------ DATASET EXTRACT

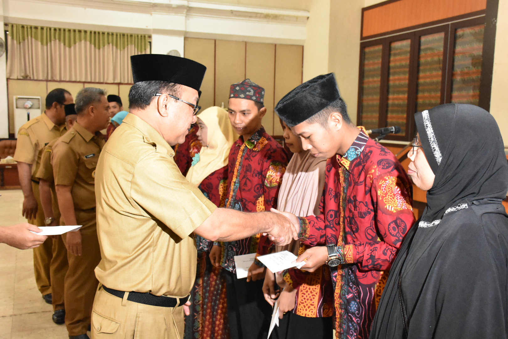 Pembagian bonus dilakukan langsung oleh Bupati Tabalong H Anang Syakhfiani didampingi oleh Wakil Bupati Tabalong H Mawardi, Sekda Tabalong AM Sangadji dan perwakilan dari Kemenag setempat.
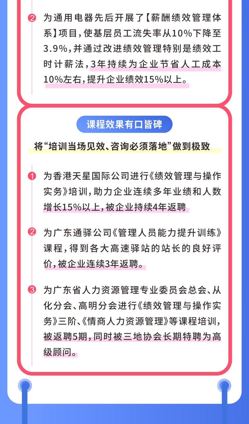 為香港天星國(guó)際公司進(jìn)行《績(jī)效管理與操作實(shí)務(wù)》培訓(xùn),助力企業(yè)連續(xù)多年業(yè)績(jī)和人數(shù)增長(zhǎng)15%以上,被企業(yè)持續(xù)4年返聘。
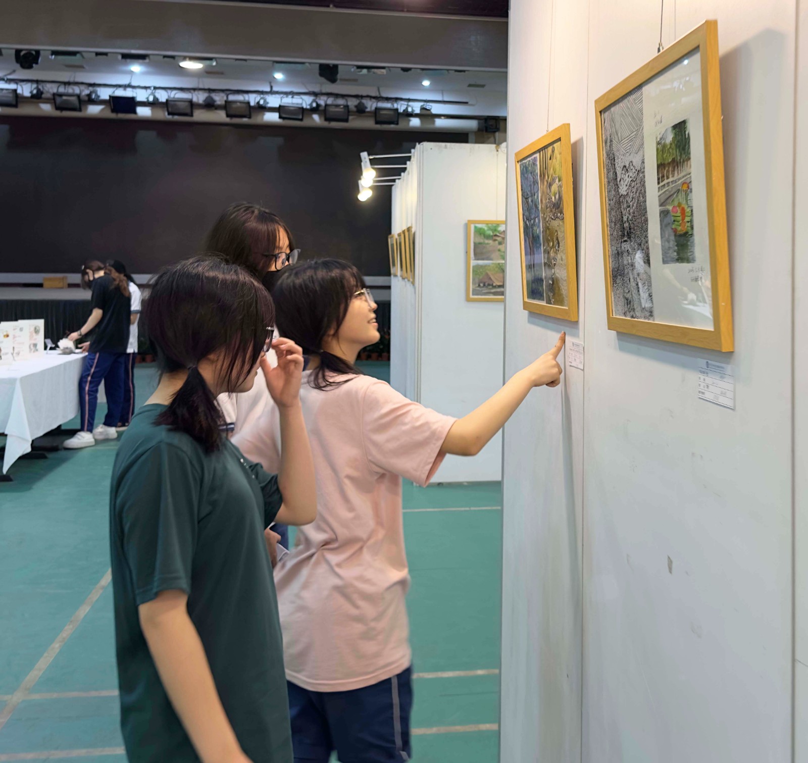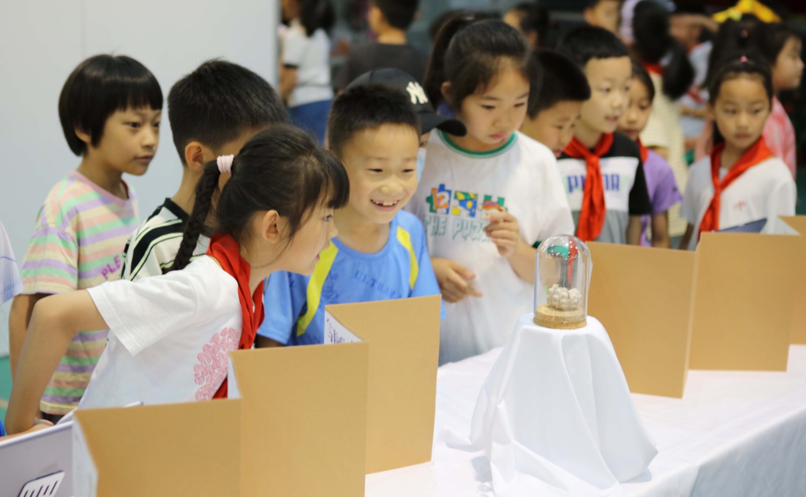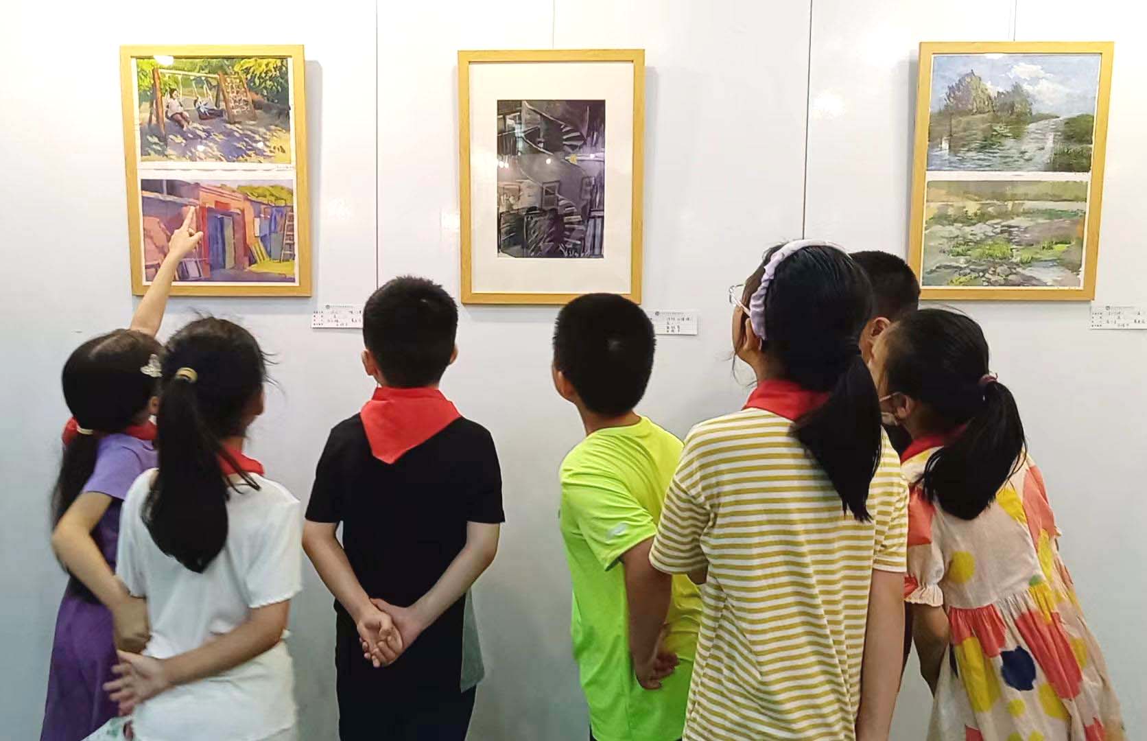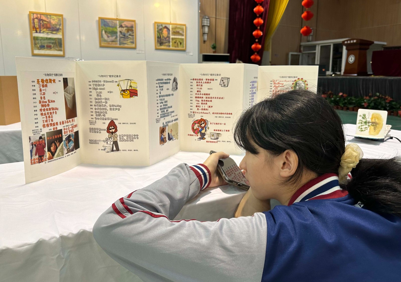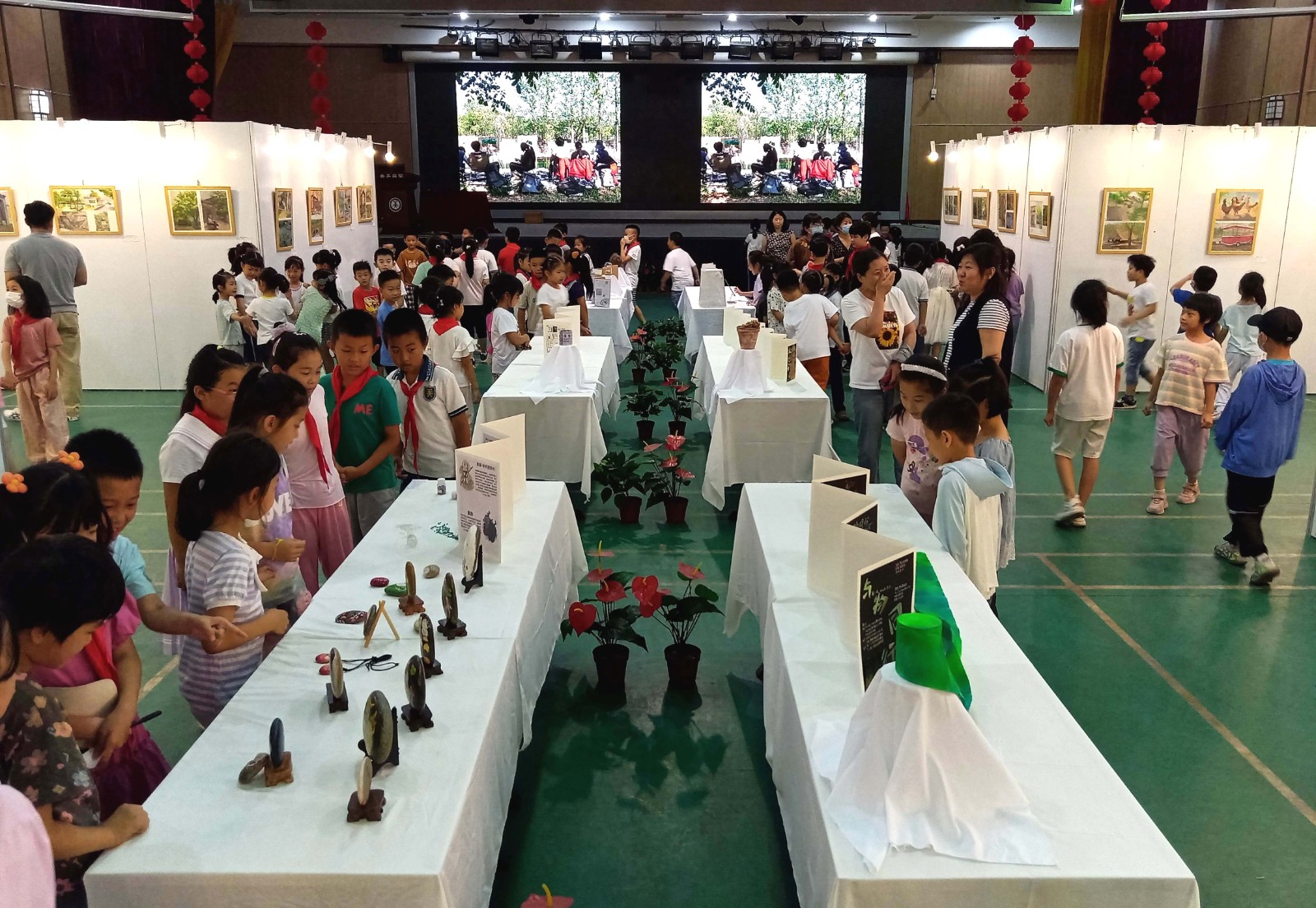 展览开幕当天,作为十二年一贯制的美术特色学校,不同年龄段的学生互相交流学习,校区间的师生联动是美育课程的重要内容。在孩子们天真浪漫的言语间,透露出对新奇事物的探索热情,这些源于自然的作品也更加鲜活与生动。

------------

Please retype the listing above word for word, skipping each picture.

## RESULT BELOW
 Pembagian bonus dilakukan langsung oleh Bupati Tabalong H Anang Syakhfiani didampingi oleh Wakil Bupati Tabalong H Mawardi, Sekda Tabalong AM Sangadji dan perwakilan dari Kemenag setempat.
 為香港天星國(guó)際公司進(jìn)行《績(jī)效管理與操作實(shí)務(wù)》培訓(xùn),助力企業(yè)連續(xù)多年業(yè)績(jī)和人數(shù)增長(zhǎng)15%以上,被企業(yè)持續(xù)4年返聘。
 展览开幕当天,作为十二年一贯制的美术特色学校,不同年龄段的学生互相交流学习,校区间的师生联动是美育课程的重要内容。在孩子们天真浪漫的言语间,透露出对新奇事物的探索热情,这些源于自然的作品也更加鲜活与生动。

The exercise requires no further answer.